An Efficient Security Measure Extended Boolean Retrieval

Authors: S. Ramesh, V. Venkatesawara Rao

DOI Link: https://doi.org/10.22214/ijraset.2022.40362

Abstract

The impact of Extended Boolean retrieval (EBR) has drastic changes over the decades and despite their significant advantages compared to either ranked keyword or pure Boolean retrieval. In particular, EBR models produce meaningful rankings; their query model allows the representation of complex concepts in an and-or format; and they are scriptable, in that the score assigned to a document depends solely on the content of that document, unaffected by any collection statistics or other external factors. Security is the major concern to make the queries retrieval and the entire data mining process. However, EBR is much more computationally expensive than the alternatives. We consider the implementation of the p-norm approach to EBR, and demonstrate that ideas used in the max-score and wand exact optimization techniques for ranked keyword retrieval can be adapted to allow selective by pass of documents via a low-cost screening process for this and similar retrieval models. We also propose term independent bounds that are able to further reduce the number of score calculations for short, simple queries under the extended Boolean retrieval model. Overall saving from 50 to 80 percent of the evaluation cost on test queries drawn from biomedical search. (Stefan Pohl, VOL. 24, NO. 6, JUNE 2012)

Introduction

I. INTRODUCTION

We present a scoring method for EBR models that decouples document scoring from the inverted list evaluation strategy, allowing free optimization of the latter. The method incurs partial sorting overhead, but, at the same time, reduces the number of query nodes that have to be considered in order to score a document. We show experimentally that overall the gains are greater than the costs. We adopt ideas from the max-score and wand algorithms and generalize them to be applicable in the context of models with hierarchical query specifications and monotonic score aggregation functions. Further, we show that the p-norm EBR model is an instance of such models and that performance gains can be attained that are similar to the ones available when evaluating ranked queries. Term-independent bounds are proposed, which complement the bounds obtained from max-score.After analysing the requirements of the task to be performed, the next step is to analyse the problem and understand its context. The first activity in the phase is studying the existing system and other is to understand the requirements and domain of the new system. Both the activities are equally important, but the first activity serves as a basis of giving the functional specifications and then successful design of the proposed system. Understanding the properties and requirements of a new system is more difficult and requires creative thinking and understanding of existing running system is also difficult, improper understanding of present system can lead diversion from solution. We also embedded the property of making the system secured and transparent.II.

II. SYSTEM ANALYSIS

A. SDLC Methdologies

This document play a vital role in the development of life cycle (SDLC) as it describes the complete requirement of the system. It means for use by developers and will be the basic during testing phase. Any changes made to the requirements in the future will have to go through formal change approval process.
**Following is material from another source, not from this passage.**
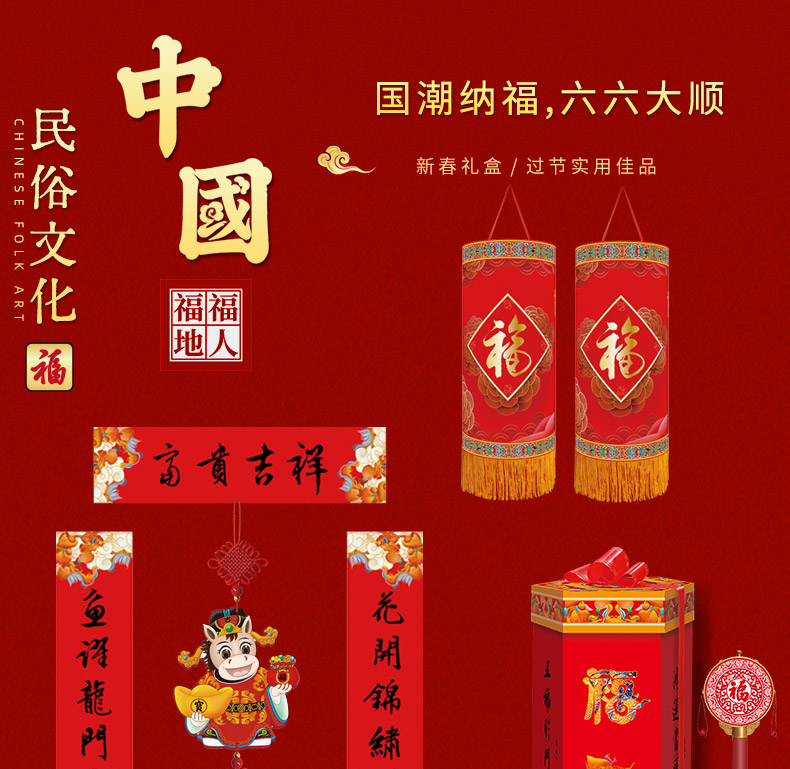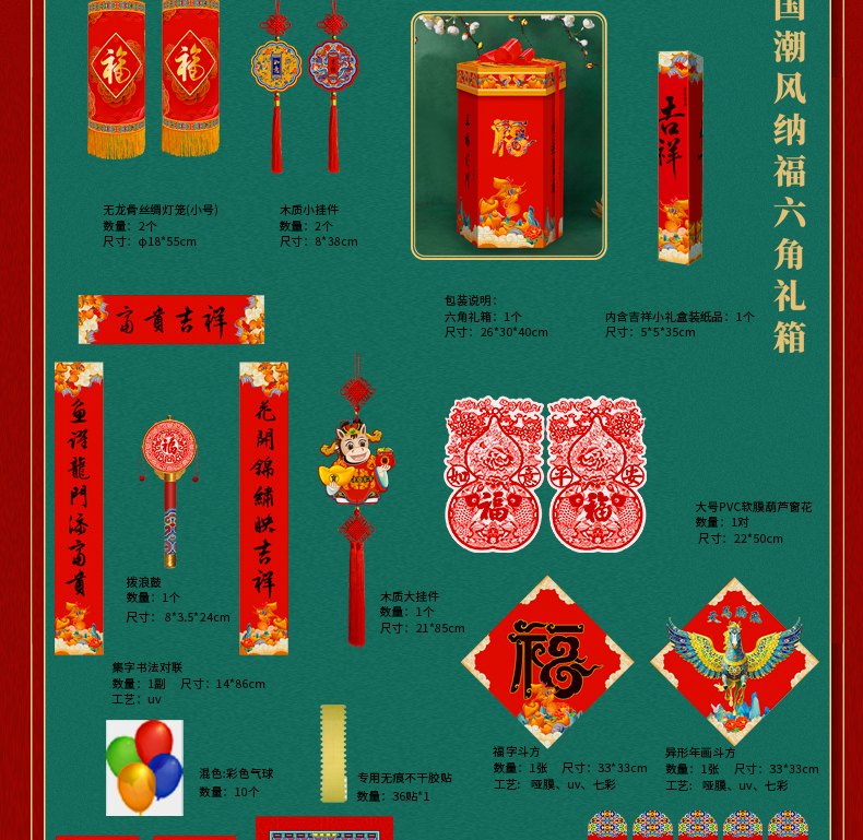 福人福地(FURENFUDI) 企业福利马年国潮风纳福六角礼箱套装 CC.25.04.01 38件 红色(单位:套)

SPIRAL MODEL was defined by Barry Boehm in his 1988 article, “A spiral Model of Software Development and Enhancement. This model was not the first model to discuss iterative development, but it was the first model to explain why the iteration models. As originally envisioned, the iterations were typically 6 months to 2 years long. Each phase starts with a design goal and ends with a client reviewing the progress thus far. Analysis and engineering efforts are applied at each phase.

The steps for Spiral Model can be generalized as follows:

The new system requirements are defined in as much details as possible. This usually involves interviewing a number of users representing all the external or internal users and other aspects of the existing system.
A preliminary design is created for the new system.
A first prototype of the new system is constructed from the preliminary design. This is usually a scaled-down system, and represents an approximation of the characteristics of the final product.
A second prototype is evolved by a fourfold procedure:

a. Evaluating the first prototype in terms of its strengths, weakness, and risks.

b. Defining the requirements of the second prototype.

c. Planning an designing the second prototype.

d. Constructing and testing the second prototype.

5. At the customer option, the entire project can be aborted if the risk is deemed too great. Risk factors might involved development cost overruns, operating-cost miscalculation, or any other factor that could, in the customer’s judgment, result in a less-than-satisfactory final product.

6. The existing prototype is evaluated in the same manner as was the previous prototype, and if necessary, another prototype is developed from it according to the fourfold procedure outlined above.

7. The preceding steps are iterated until the customer is satisfied that the refined prototype represents the final product desired.

8. The final system is constructed, based on the refined prototype.

9. The final system is thoroughly evaluated and tested. Routine maintenance is carried on a continuing basis to prevent large scale failures and to minimize down time.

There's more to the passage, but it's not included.